DISCUSSION AND FUTURE DIRECTIONS

Identification of CREs in plants has been mainly dependent on bioinformatic and computational predictions (48). Several algorithms and bioinformatic tools have been developed to identify CREs in plants. Most of these tools were established either exclusively based on analysis of DNA sequences from the upstream regions of genes (49,50), or based on identification of co-expressed genes in different tissues or/and under the same biotic or abiotic stress, followed by sequence/motif analysis of the presumed upstream regulatory regions of the co-expressed genes (48). These tools and the established databases have been valuable to the plant research community. However, since these prediction tools have mainly focused on promoter regions, the vast majority of other types of CREs, including enhancers, are missed in these predictions.

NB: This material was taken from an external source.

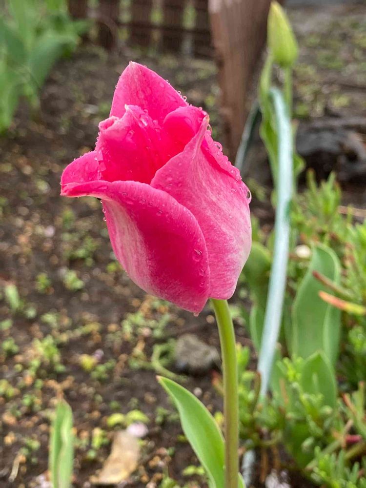 道路脇のついこの可愛い🌷チューリップに見とれていたら後ろからスピードあげた大型トラック🚚に大きな水溜まりの水を頭から引っ掛けられずぶ濡れになり( ´•_•。)💧

DNase I hypersensitivity is a universal mark for all active CREs (51). For example, more than 90% of the SEP3-binding and AP1-binding sites detected by ChIP-seq were covered by DHSs (6). Thus, DHSs provide corroborative information of TF-binding sites predicted based on the classical ChIP-seq method. PlantDHS provides a platform that allows predicting of all potential CREs associated with specific plant genes. The position of the promoter of a plant gene can be readily predicted based on various tools and databases developed by the plant research community. By contrast, plant enhancers have proved to be difficult to identify, which is due to the fact that enhancers can be located at various positions relative to a specific gene. DHSs located outside of the promoter regions are putative enhancers. We recently examined the function of several intergenic DHSs in A. thaliana using the β-glucuronidase gene reporter. Enhancer function was found to be associated with of more than 70% of these candidates (52). This result confirmed the power of mapping CREs using DHSs.

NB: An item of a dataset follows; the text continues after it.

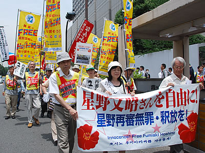 総会に先立ち25日午前、東京高裁第11刑事部に対する申し入れを行い、昼には東京高裁を包囲するデモに決起した。星野暁子さん、全国連絡会議共同代表の平良修さんを始め、全国から結集した星野さんを救う会、取り戻す会など120人が高裁横ではひときわ声を高めて拳を裁判所に突きつけ、弾劾のシュプレヒコールを繰り返した。

We plan to maintain and improve the PlantDHS by adding additional DHS data sets, including those from additional plant species and from model plant species grown under various stress conditions. Epigenomic data sets will also be added in the database. We are currently developing a genome-wide enhancer map in A. thaliana based largely on the DHS information (52). The enhancer information will be integrated into PlantDHS, which will be one of our near future goals.